Frontend guarantees: rank indices = rank updates. axis is valid. template has the desired output shape.

Backend must: allocate and return the result tensor, initialized from template's data.

unfold t ~kernel_size ~stride ~dilation ~padding extracts sliding windows from the last K spatial dimensions, where K = Array.length kernel_size.

Input shape (leading..., spatial...) produces (leading..., prod(kernel_size), L) where L is the number of windows. All dimensions before the last K are preserved as-is.

Frontend guarantees: all array parameters have length K. Values are positive. Input has at least K dimensions.

Backend must: allocate and return the result tensor.

fold t ~output_size ~kernel_size ~stride ~dilation ~padding combines sliding windows (inverse of unfold). Overlapping values are summed.

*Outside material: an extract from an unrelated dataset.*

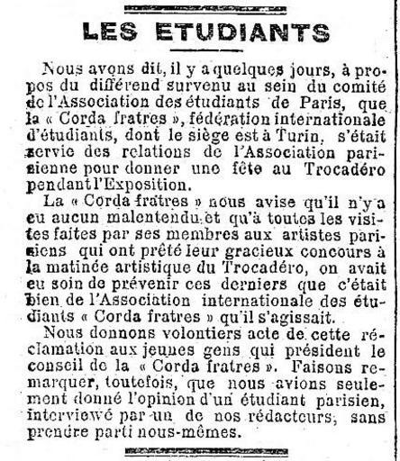 | Keywords: Les étudiants - La Presse - 8 novembre 1900 - page 3, 1ère colonne.jpg fr Article sur une fête donnée à Paris en 1900 par la Corda Fratres La Presse 8 novembre 1900 page 3 1ère colonne http //gallica bnf fr/ark /12148/bpt6k5496883/f3 image r langFR La Presse anonymous 1900-11-08 Domaine public 1900 La Presse Paris Corda Fratres PD-old |

Input shape (leading..., prod(kernel_size), L) produces (leading..., output_size...).

Frontend guarantees: parameters are consistent with a valid unfold configuration.

Backend must: allocate and return the result tensor.

matmul ~out a b computes matrix multiplication a × b.

For 2D inputs: standard matrix multiply. For higher dimensions: batched multiply on the last two dimensions, with broadcasting via strides.

Frontend guarantees: a's last dim equals b's second-to-last dim. out is C-contiguous with the correct output shape.

Backend must: write the result to out. May use BLAS for performance. a and b may be non-contiguous.

fft ?out t ~axes computes the forward DFT along axes.

ifft ?out t ~axes computes the inverse DFT along axes.

rfft ?out t ~dtype ~axes computes the real-input DFT along axes.

Exploits conjugate symmetry to return only the non-redundant half of the spectrum along the last transformed axis.

irfft ?out ?s t ~dtype ~axes computes the inverse real-input DFT along axes.

Takes conjugate-symmetric complex input, returns real output. s specifies output sizes along the transformed axes; None infers sizes from the input.

cholesky ~upper t computes the Cholesky factorization of a positive-definite matrix. Returns L (lower) or U (upper) such that A = L·Lᵀ or A = Uᵀ·U.

• raises Failure

  if not positive-definite.

qr ~reduced t returns (Q, R) where Q is orthogonal and R is upper triangular. reduced = true returns economy-size factorization.

svd ~full_matrices t returns (U, S, Vᴴ). S is a 1D float64 vector of singular values in descending order. full_matrices = false returns thin SVD.

eig ~vectors t computes eigenvalues (and optionally eigenvectors) of a square matrix. Returns complex64 results.

eigh ~vectors t computes eigenvalues (and optionally eigenvectors) of a symmetric/Hermitian matrix. Eigenvalues are float64.

triangular_solve ~upper ~transpose ~unit_diag a b solves A·x = b or Aᵀ·x = b where A is triangular.

upper: A is upper triangular. transpose: solve Aᵀ·x = b. unit_diag: assume diagonal is all ones.